This is a very simple proof-of-concept which, with community collaboration, could easily form the basis of much more efficient Arc execution. If you can see value in this approach and would like to get involved please raise an issue. If sufficient demand is reached we can set up a more formal discussion forum.
How to run
Clone the repository
This respository has a submodule with the TPC-H data in it for easy execution demonstration. So when cloning add the recusive capability:
git clone --recurse-submodules https://github.com/tripl-ai/box.git
To execute a job via the command line you can use the the provided
./box.sh file which will execute
job.json and is intended to show the basic functionality.

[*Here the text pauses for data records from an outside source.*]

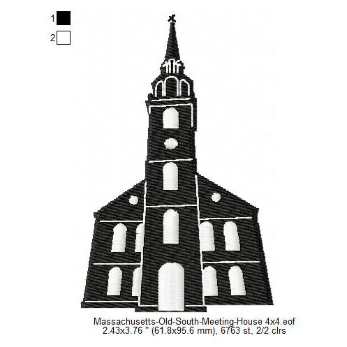 Massachusetts Old South Meeting House Silhouette Machine Embroidery Digitized Design Files
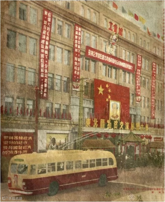 ▲1951年国庆节第一辆无轨电车在沈阳市中山路通行
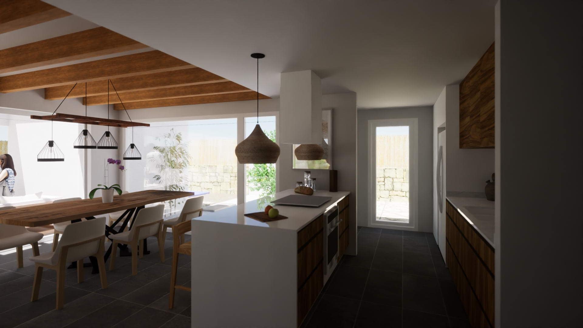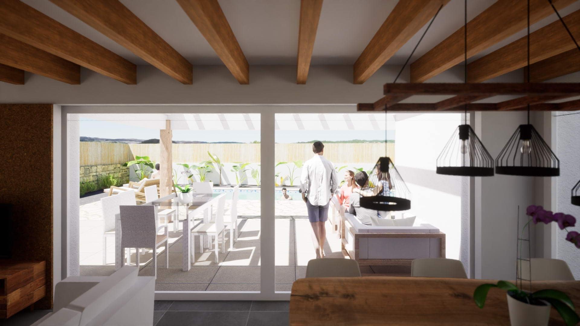Living room with an open kitchen, a wonderful large sliding window that gets hidden in the cavity of the wall, faking a seamless transition from indoor to outdoor, with a pérgola as buffer space in between the pool terrace, an area for maximum outdoor enjoyment.
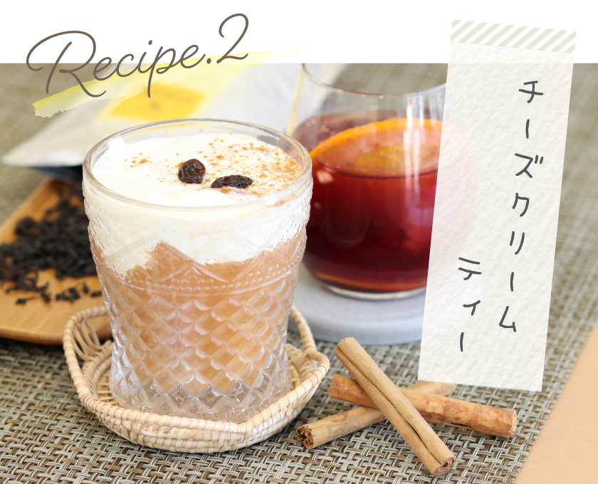 ドライフルーツのような甘い香りが特徴の「アッサム」。力強い渋みと旨味を楽しめるアッサムはミルクやクリームとの相性が抜群。近頃新しいトレンドとして注目されているチーズホイップをのせたチーズクリームティーを濃厚なアッサム紅茶とあわせてご紹介。
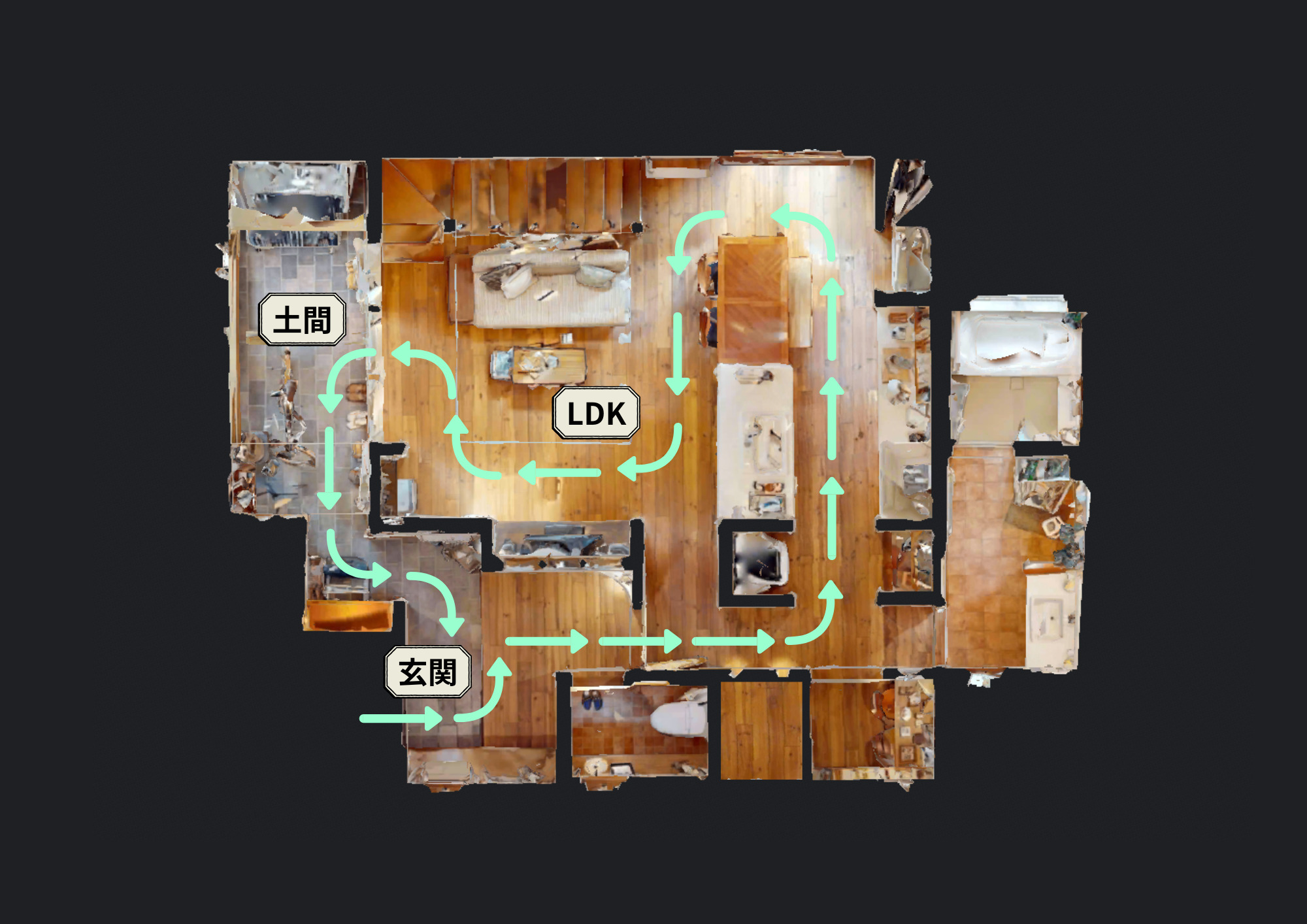 玄関→LDK→土間→玄関
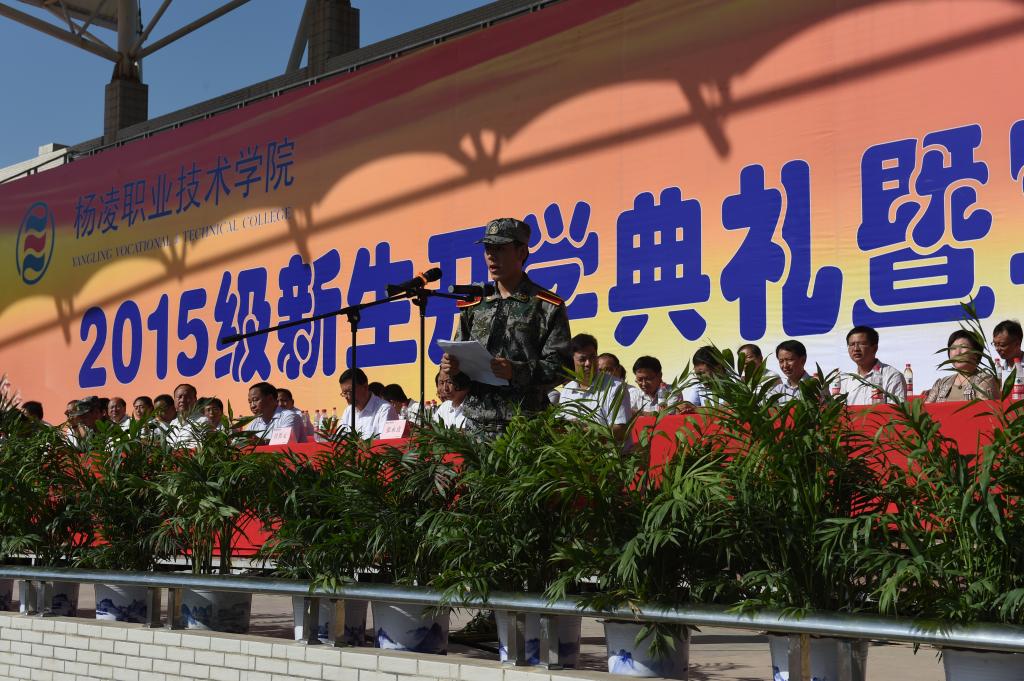 院长王周锁在讲话中首先代表学院党委、行政和全院20000余名师生员工对2015级新同学表示热烈的欢迎,向承担本次军训任务的执训官兵表示崇高的敬意。他简要回顾了学院的发展历程,介绍了近年来学院的发展概况及办学优势,特别是在专业建设、教学改革、校内外实习、实训基地建设等方面取得的成就。
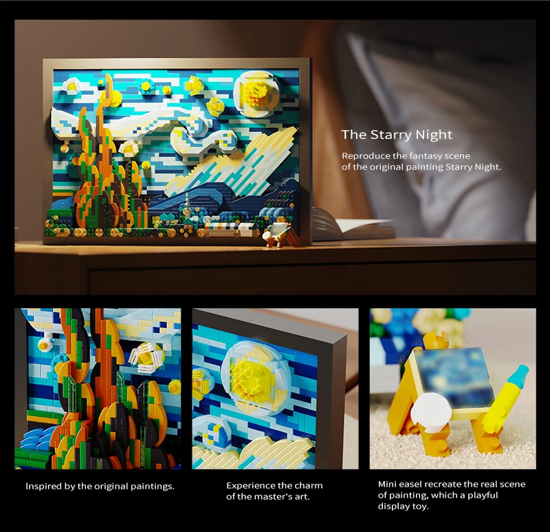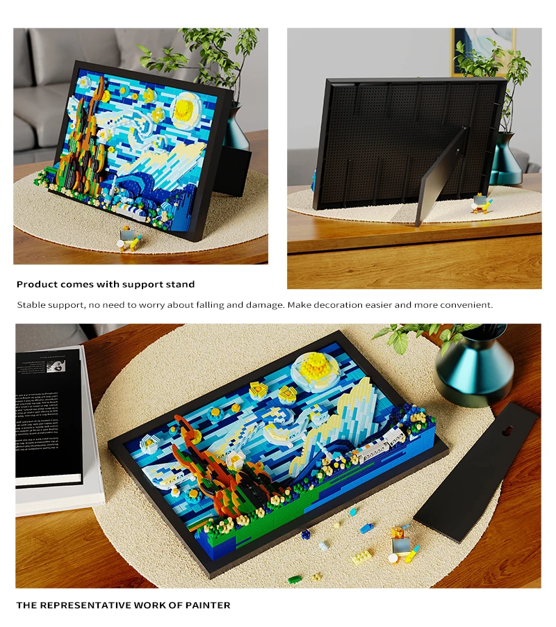 Once completed, the Starry Night building block model serves as an exquisite piece of home decor. Whether you choose to display it in your living room, study, or office, it adds a sophisticated artistic touch to any space. It’s an ideal decoration for art lovers and collectors who want to bring a touch of Van Gogh’s genius into their home.

You will need to have Rust installed (see rustup) and then add the
rustup toolchain install nightly
after the initial Rust install. The Rust
nightly version is currently required for the
simd support. Some packages may need to be install to compile such as
cmake but if you check the build output it should indicate any missing packages.
Please note that if running on WSL or Windows you may need to convert the line endings to Unix format (LF) in order to run the script. When checking out the code they may be automatically changed to Windows line endings (
CRLF) depending on your config. If you would like to git to not convert
CRLF line endings then you can set core.autocrlf to false:
git config --global core.autocrlf false
See Customizing Git for more information.
To execute the notebook functionality execute the provided
./notebook.sh file. The
box.ipynb file is a demonstration and is intended to show the basic notebook functionality. You will need Docker installed (see Docker).
The notebook functionality relies on code copied and modified from the evcxr crate.